Excerpted data
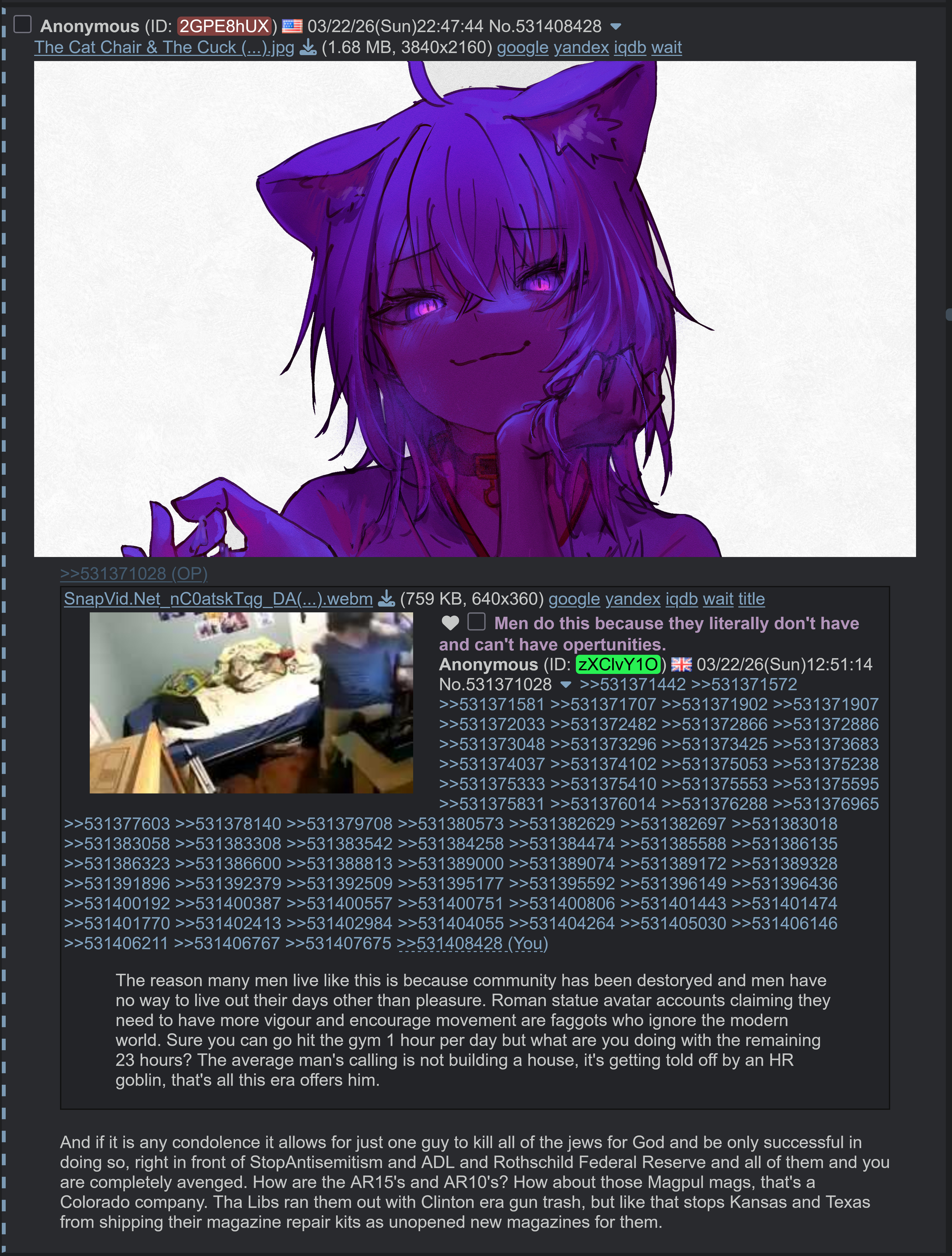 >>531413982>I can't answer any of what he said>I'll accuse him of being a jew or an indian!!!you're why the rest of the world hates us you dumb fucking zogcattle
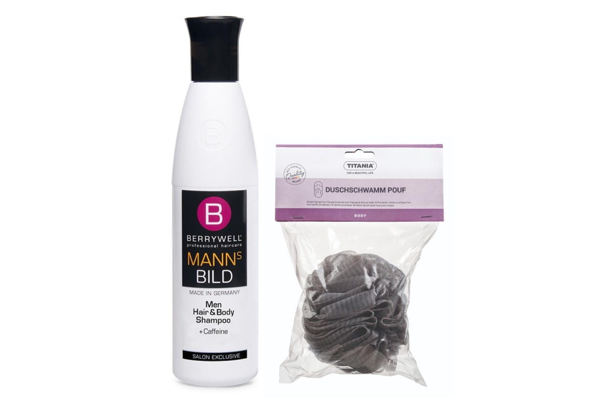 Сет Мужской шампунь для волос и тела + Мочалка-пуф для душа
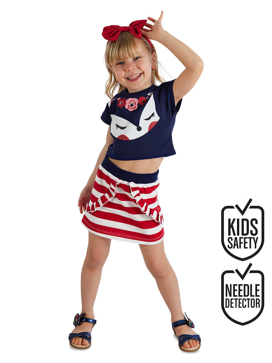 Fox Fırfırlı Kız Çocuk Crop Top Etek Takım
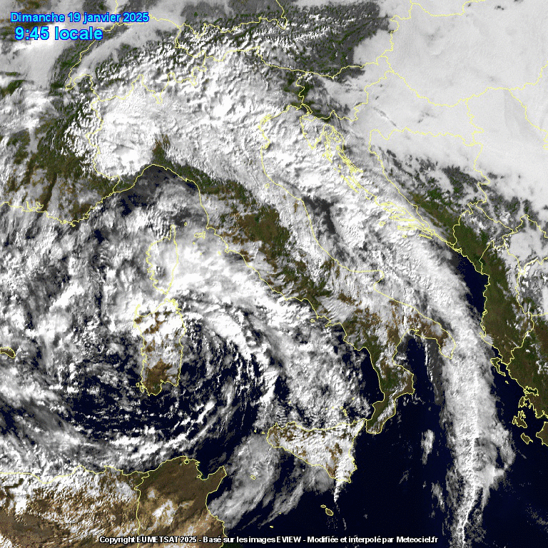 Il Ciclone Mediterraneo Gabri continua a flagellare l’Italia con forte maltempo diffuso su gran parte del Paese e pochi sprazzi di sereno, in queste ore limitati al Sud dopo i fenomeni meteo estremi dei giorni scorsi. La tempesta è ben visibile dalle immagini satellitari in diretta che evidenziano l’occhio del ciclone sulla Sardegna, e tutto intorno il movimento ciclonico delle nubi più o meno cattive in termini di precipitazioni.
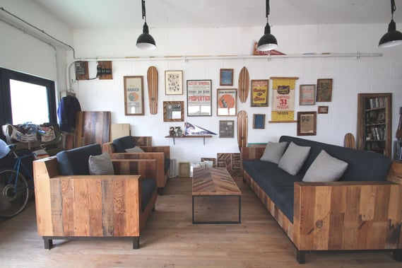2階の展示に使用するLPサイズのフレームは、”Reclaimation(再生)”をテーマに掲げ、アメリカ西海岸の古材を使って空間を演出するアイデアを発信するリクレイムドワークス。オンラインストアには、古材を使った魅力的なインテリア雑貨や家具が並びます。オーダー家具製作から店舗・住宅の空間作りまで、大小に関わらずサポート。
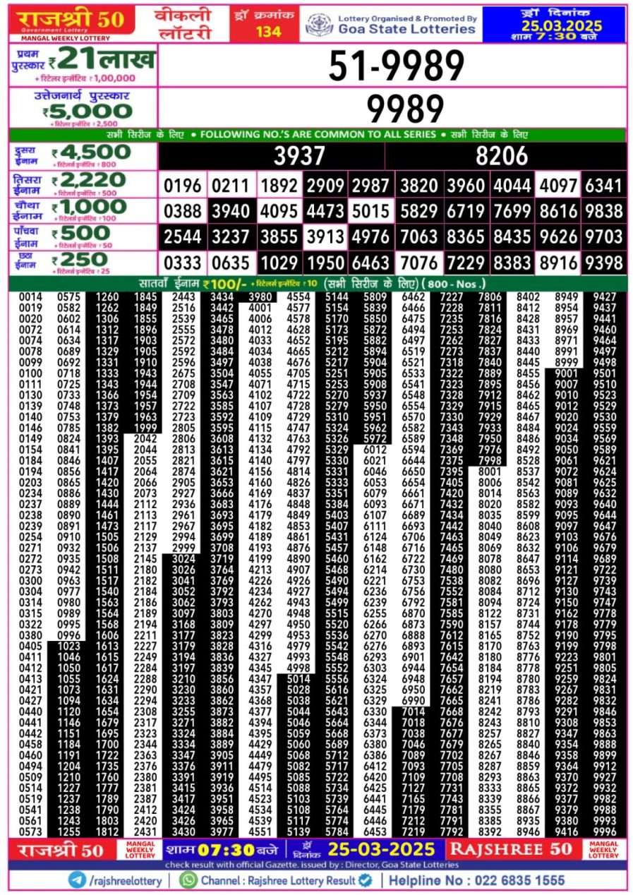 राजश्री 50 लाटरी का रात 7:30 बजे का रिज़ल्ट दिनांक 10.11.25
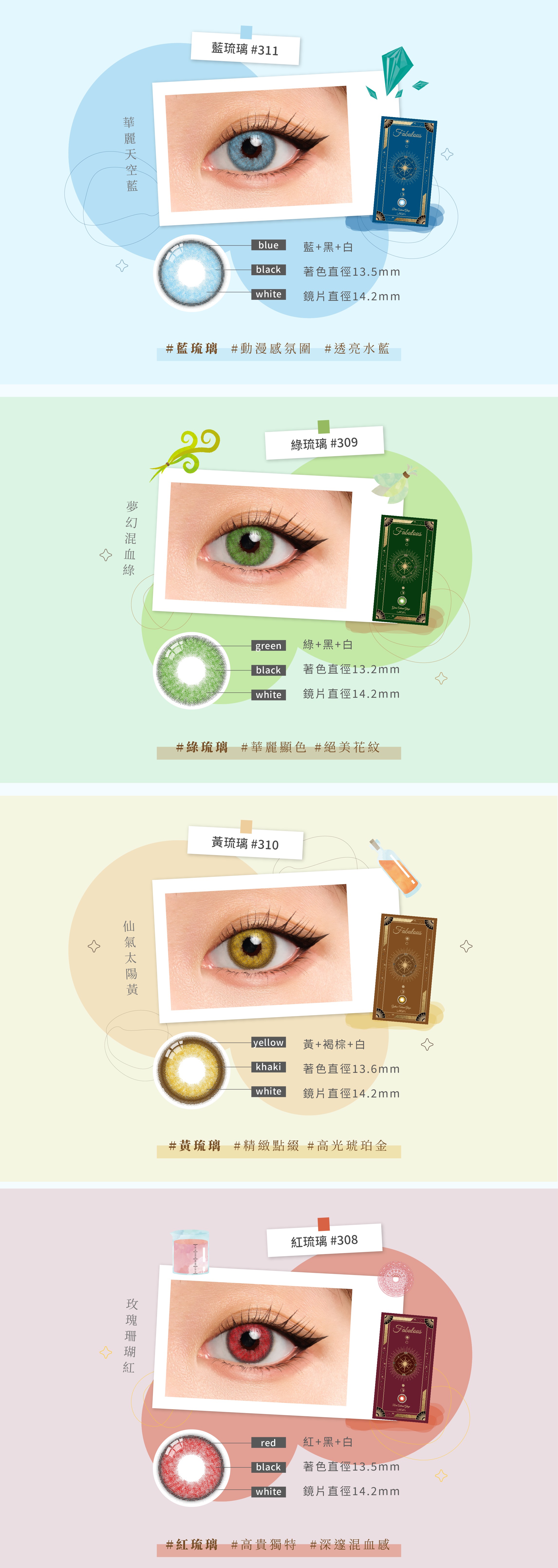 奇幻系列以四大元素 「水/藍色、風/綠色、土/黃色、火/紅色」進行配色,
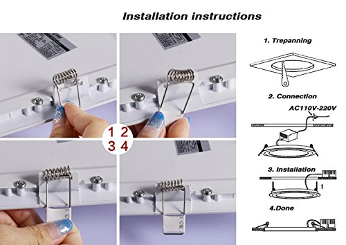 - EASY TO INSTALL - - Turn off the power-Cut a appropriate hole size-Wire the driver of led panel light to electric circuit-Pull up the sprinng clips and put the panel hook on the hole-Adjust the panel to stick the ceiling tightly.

What is being asked
Output, exactly, all the records above; include no pictures.

Exercise output
 >>531413982>I can't answer any of what he said>I'll accuse him of being a jew or an indian!!!you're why the rest of the world hates us you dumb fucking zogcattle
 Сет Мужской шампунь для волос и тела + Мочалка-пуф для душа
 Fox Fırfırlı Kız Çocuk Crop Top Etek Takım
 Il Ciclone Mediterraneo Gabri continua a flagellare l’Italia con forte maltempo diffuso su gran parte del Paese e pochi sprazzi di sereno, in queste ore limitati al Sud dopo i fenomeni meteo estremi dei giorni scorsi. La tempesta è ben visibile dalle immagini satellitari in diretta che evidenziano l’occhio del ciclone sulla Sardegna, e tutto intorno il movimento ciclonico delle nubi più o meno cattive in termini di precipitazioni.
2階の展示に使用するLPサイズのフレームは、”Reclaimation(再生)”をテーマに掲げ、アメリカ西海岸の古材を使って空間を演出するアイデアを発信するリクレイムドワークス。オンラインストアには、古材を使った魅力的なインテリア雑貨や家具が並びます。オーダー家具製作から店舗・住宅の空間作りまで、大小に関わらずサポート。
 राजश्री 50 लाटरी का रात 7:30 बजे का रिज़ल्ट दिनांक 10.11.25
 奇幻系列以四大元素 「水/藍色、風/綠色、土/黃色、火/紅色」進行配色,
 - EASY TO INSTALL - - Turn off the power-Cut a appropriate hole size-Wire the driver of led panel light to electric circuit-Pull up the sprinng clips and put the panel hook on the hole-Adjust the panel to stick the ceiling tightly.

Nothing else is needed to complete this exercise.